Task item - Copy out again, unchanged, the listing below from the line that has "郝和武夫妇在对山丹丹花种苗基地进行田间管理(6月26日摄)。新华社记者陶明摄" through the line that has "カクテルピック 約190本入り おしゃれ".

Record extracts -
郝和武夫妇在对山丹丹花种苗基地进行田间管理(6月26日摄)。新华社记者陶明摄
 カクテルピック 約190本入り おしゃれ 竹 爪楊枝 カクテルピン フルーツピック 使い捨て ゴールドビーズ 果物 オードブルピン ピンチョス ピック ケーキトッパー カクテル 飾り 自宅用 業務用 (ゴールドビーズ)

--

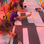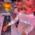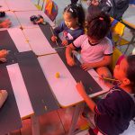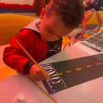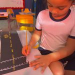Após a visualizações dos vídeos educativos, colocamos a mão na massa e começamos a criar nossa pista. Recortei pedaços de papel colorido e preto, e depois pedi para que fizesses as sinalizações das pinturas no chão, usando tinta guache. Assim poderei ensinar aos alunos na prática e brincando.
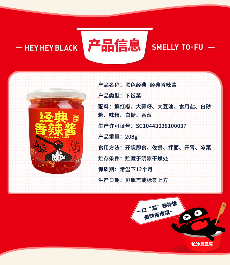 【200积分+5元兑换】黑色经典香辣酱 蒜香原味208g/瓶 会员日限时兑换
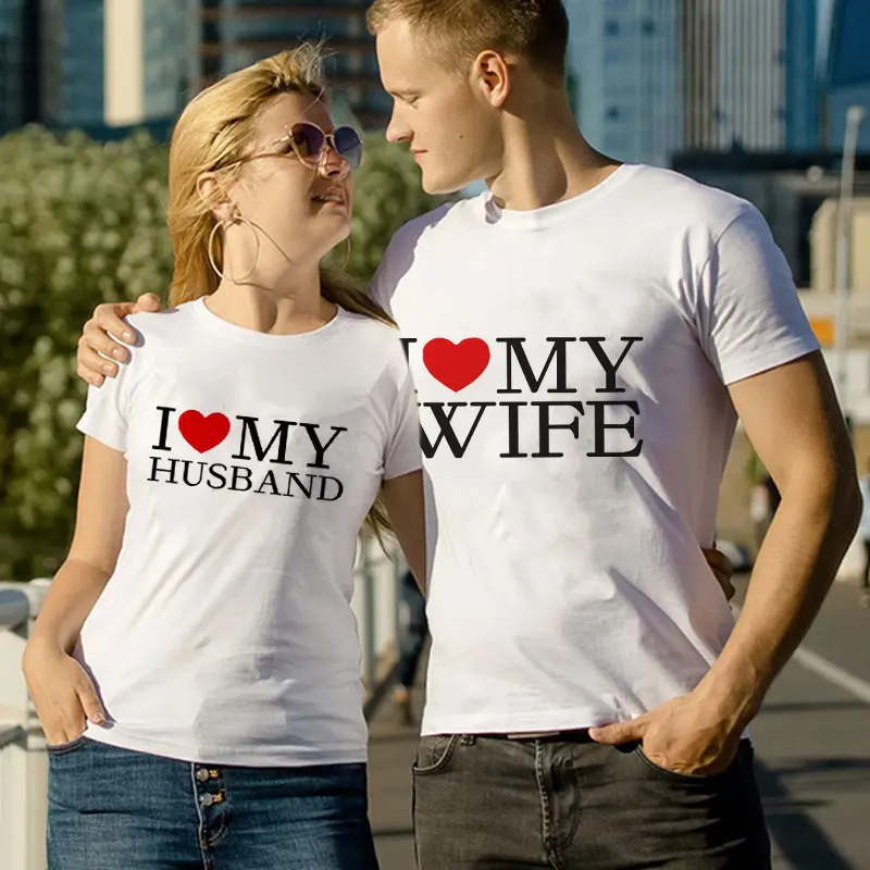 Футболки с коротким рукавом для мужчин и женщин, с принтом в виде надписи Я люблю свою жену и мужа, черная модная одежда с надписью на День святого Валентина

Your response -
郝和武夫妇在对山丹丹花种苗基地进行田间管理(6月26日摄)。新华社记者陶明摄
 カクテルピック 約190本入り おしゃれ 竹 爪楊枝 カクテルピン フルーツピック 使い捨て ゴールドビーズ 果物 オードブルピン ピンチョス ピック ケーキトッパー カクテル 飾り 自宅用 業務用 (ゴールドビーズ)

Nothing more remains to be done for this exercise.